云服务器价格_云数据库_云主机【优惠】最新活动-搜集站云资讯

域名交易_公司注册网站建设_价格

小七 141 0

Big Data marketing versus reality

When reading current publications, the IT world seems to have moved to Big Data. Forget about databases, with Big Data tools you can do everything – in no-time and on large volumes in addition. For every problem there is a Big Data tool: Hadoop, Spark, Hive, HBase, Kafka,…

The reality is slightly different. This post aims to explain why Big Data technology does complement databases – OLTP and OLAP alike. And that Big Data use-cases are orthogonal to Business Intelligence questions. In a follow up post, a future-proof architecture will be presented, meeting the business needs by combining various technologies in a way to get all advantages and none of the disadvantages.

The foundation of all the arguments will be the CAP theorem of distributed storage. It says that Consistency (reading the most recent data), Availability (redundant storage) and Partitioning (distributing the data) are requirements with different emphasis and a single system cannot be perfect in all three at all times. Example: If the network interconnect between two cluster nodes is down, either the query fails (missing redundancy) or there is the danger the data is not the most recent (redundant data is outdated while the interconnect is down).
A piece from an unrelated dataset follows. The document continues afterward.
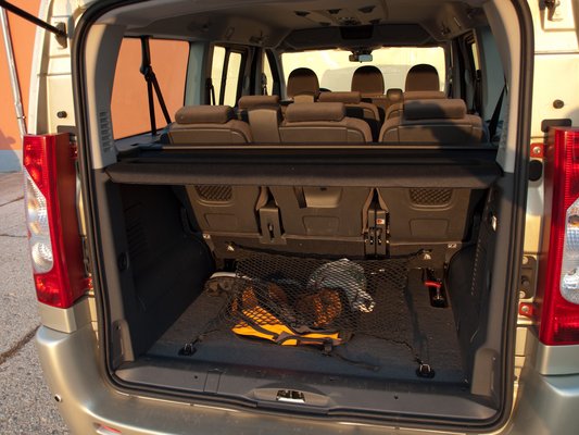 A hátsó traktusban bőséges csomagtér van alaphelyzetben is, jó egy méteres mélységű. De az ülések variálásával egészen 2,5 méterig nyújthatjuk, amivel egy hirtelen jött felújítást is le lehet zavarni egy körben. Külön előny, hogy a csomagtértakarót a tolóajtó mögötti oszlopnál is tudjuk rögzíteni, így a második sor kivétele esetén is meg tudjuk védeni a szállítandó holmit a kíváncsi szemek elől. Persze, ha árut szállítunk, akkor nem túl előnyös, hogy ez a változat végig szőnyegpadlós, érdemes valami védelmet odateríteni. A padlóba és az oldalfalon megtaláltam a szokásos rögzítőfüleket, így egy csomagtérháló segítségével megakadályozhattam a hátizsákom önálló életre kelését.

Transactions versus Parallel Processing

It is important to notice above rule talks about distributed storage. But for distributed processing, variations of the CAP theorem apply as well. An obvious one: processing data in a single transaction but fully parallel with zero synchronization is a logical contradiction.

Hence, the first important difference between databases and Big Data tools is: database-like transactions are supported by databases only. For example, nobody would ever run an ERP system using Big Data technologies.

The argument can be turned upside down as well by saying that a database can be run on a cluster but it will never scale linear with the number of nodes. Twice the number of nodes does not provide twice the throughput (100% increase) but less, maybe a 50% increase? That is bound to the fact that transactions need synchronization between all nodes. As consequence, a database cluster will consist of few but powerful servers, whereas a Big Data cluster is based on a large number of small and cheap computers.

Above argument about transactions does not count if the Big Data environment is used to analyze data, but there are other reasons…

Joins versus Aggregations in the Big Data world

A computer cluster shall consist of 100 nodes and the data is evenly distributed. In such example, counting the number of rows can be distributed. Each node counts its own dataset and returns one value. Another process sums up the individual counts. Expressed in the SQL language:

select count(*) from table (partition1, partition2); and select sum(counts) from (select count(*) as counts from partition1 union all select count(*) as counts from partition2); does return the same result.

This is an example of an almost perfect workload for a cluster. Each node works on its data, each node’s resultset is tiny.

Another example shall be a join between two tables, a sales order table and the customer master data. Very likely the sales orders located on a single node will be from arbitrary customers, hence the required customer records need to be read from the other nodes prior to the join. In worst case, every single node needs to request the customer data from the 99 other nodes. In such case the entire customer data would be copied over the network 99(!) times (1/100th of the customer data moved to 99 nodes and that for each of the 100 nodes).

This join strategy is called broadcasting. It makes sense if the broadcasted table is small or better, if the entire table is available on all nodes from the get go.

The more common strategy to distribute the data is a reshuffle. Here both datasets are partitioned by the join condition and each node requests one partition. As end result, node1 would have all sales orders of customer1 and the masterdata of customer1. Now the data is all local and the join can be performed quickly. But overall the customer master data and the sales order data had to be sent across the network once to reshuffle it to the various computing nodes.

The only way to avoid reshuffling is when both datasets were partitioned by the join-condition initially, when creating and loading the table. This is a first indication that in the Big Data world the Data Model has to be purpose-built for one (type of) query.

Apache Cassandra is a good example where the data model serves one query only.

The different usage of Partitions

Above statement about purpose-built data models becomes obvious when joining the sales order data either to the customer master and/or the material master data. The data cannot be partitioned by customerID and materialID at the same time. Well, in theory via sub-partitioning it is possible technically, but by adding more and more potential columns to join with, the number of partitions grows exponentially. And the cluster will be busy reshuffling the data across the network instead of processing it.